▽
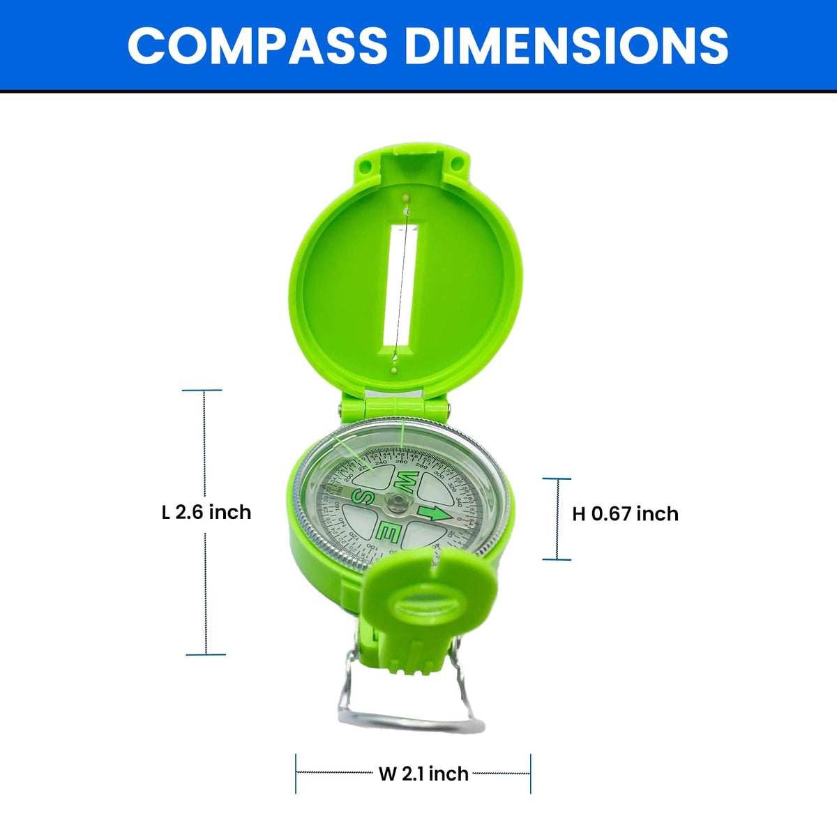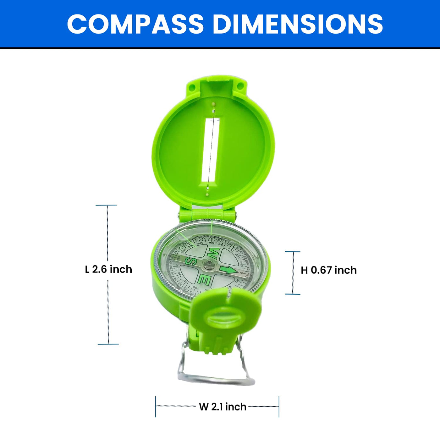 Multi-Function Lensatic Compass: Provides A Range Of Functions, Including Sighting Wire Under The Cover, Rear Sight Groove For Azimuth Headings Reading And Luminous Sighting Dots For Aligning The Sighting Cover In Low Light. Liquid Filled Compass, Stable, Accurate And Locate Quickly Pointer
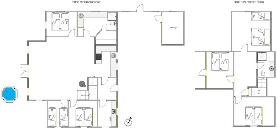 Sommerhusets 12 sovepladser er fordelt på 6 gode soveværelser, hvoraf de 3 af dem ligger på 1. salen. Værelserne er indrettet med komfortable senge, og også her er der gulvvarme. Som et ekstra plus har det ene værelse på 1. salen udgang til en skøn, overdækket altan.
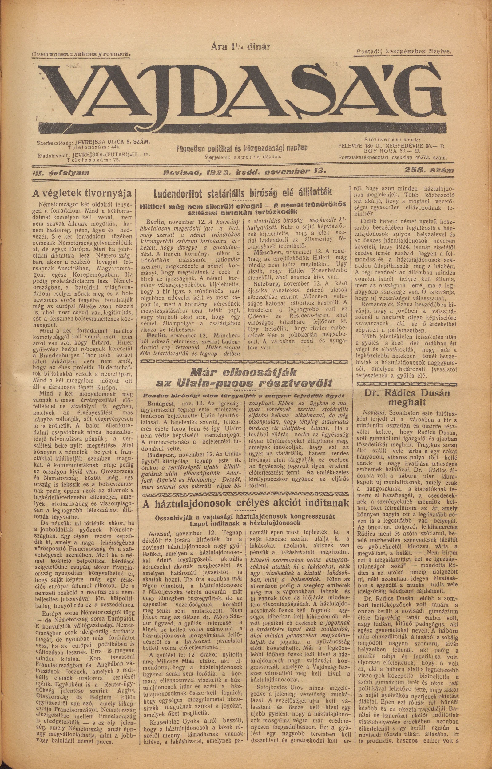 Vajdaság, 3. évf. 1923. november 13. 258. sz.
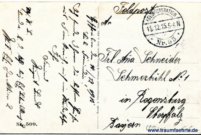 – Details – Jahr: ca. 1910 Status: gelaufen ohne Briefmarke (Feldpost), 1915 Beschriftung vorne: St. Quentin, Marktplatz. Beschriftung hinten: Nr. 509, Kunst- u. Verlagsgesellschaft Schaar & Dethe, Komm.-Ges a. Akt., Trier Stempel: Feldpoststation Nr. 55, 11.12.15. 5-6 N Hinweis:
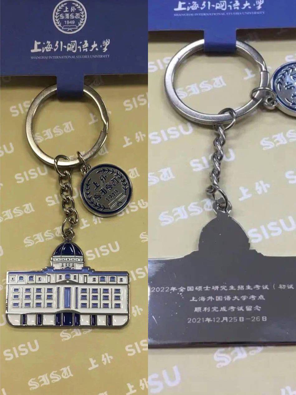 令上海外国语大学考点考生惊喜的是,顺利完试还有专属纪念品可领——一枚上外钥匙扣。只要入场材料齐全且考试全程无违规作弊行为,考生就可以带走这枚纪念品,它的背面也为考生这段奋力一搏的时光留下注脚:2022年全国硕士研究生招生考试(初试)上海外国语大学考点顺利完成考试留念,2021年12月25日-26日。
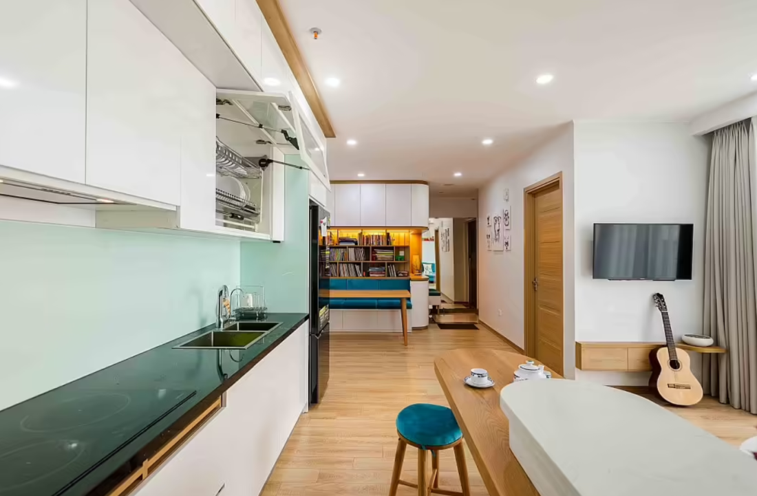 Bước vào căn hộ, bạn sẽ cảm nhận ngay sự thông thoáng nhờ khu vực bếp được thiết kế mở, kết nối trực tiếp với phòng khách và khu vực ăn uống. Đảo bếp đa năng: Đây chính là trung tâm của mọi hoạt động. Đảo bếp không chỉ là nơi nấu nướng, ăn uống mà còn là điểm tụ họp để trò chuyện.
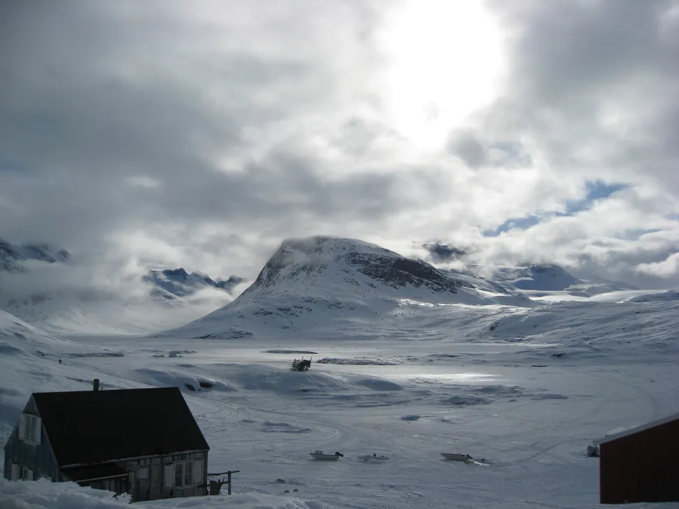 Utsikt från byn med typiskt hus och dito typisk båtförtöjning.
△
**TASK ITEM**: Write out, exactly as they appear, the lines from the one containing "Vajdaság, 3. évf." through the end of the material above, excluding pictures.

**EXPECTED ANSWER**:
 Vajdaság, 3. évf. 1923. november 13. 258. sz.
 – Details – Jahr: ca. 1910 Status: gelaufen ohne Briefmarke (Feldpost), 1915 Beschriftung vorne: St. Quentin, Marktplatz. Beschriftung hinten: Nr. 509, Kunst- u. Verlagsgesellschaft Schaar & Dethe, Komm.-Ges a. Akt., Trier Stempel: Feldpoststation Nr. 55, 11.12.15. 5-6 N Hinweis:
 令上海外国语大学考点考生惊喜的是,顺利完试还有专属纪念品可领——一枚上外钥匙扣。只要入场材料齐全且考试全程无违规作弊行为,考生就可以带走这枚纪念品,它的背面也为考生这段奋力一搏的时光留下注脚:2022年全国硕士研究生招生考试(初试)上海外国语大学考点顺利完成考试留念,2021年12月25日-26日。
 Bước vào căn hộ, bạn sẽ cảm nhận ngay sự thông thoáng nhờ khu vực bếp được thiết kế mở, kết nối trực tiếp với phòng khách và khu vực ăn uống. Đảo bếp đa năng: Đây chính là trung tâm của mọi hoạt động. Đảo bếp không chỉ là nơi nấu nướng, ăn uống mà còn là điểm tụ họp để trò chuyện.
 Utsikt från byn med typiskt hus och dito typisk båtförtöjning.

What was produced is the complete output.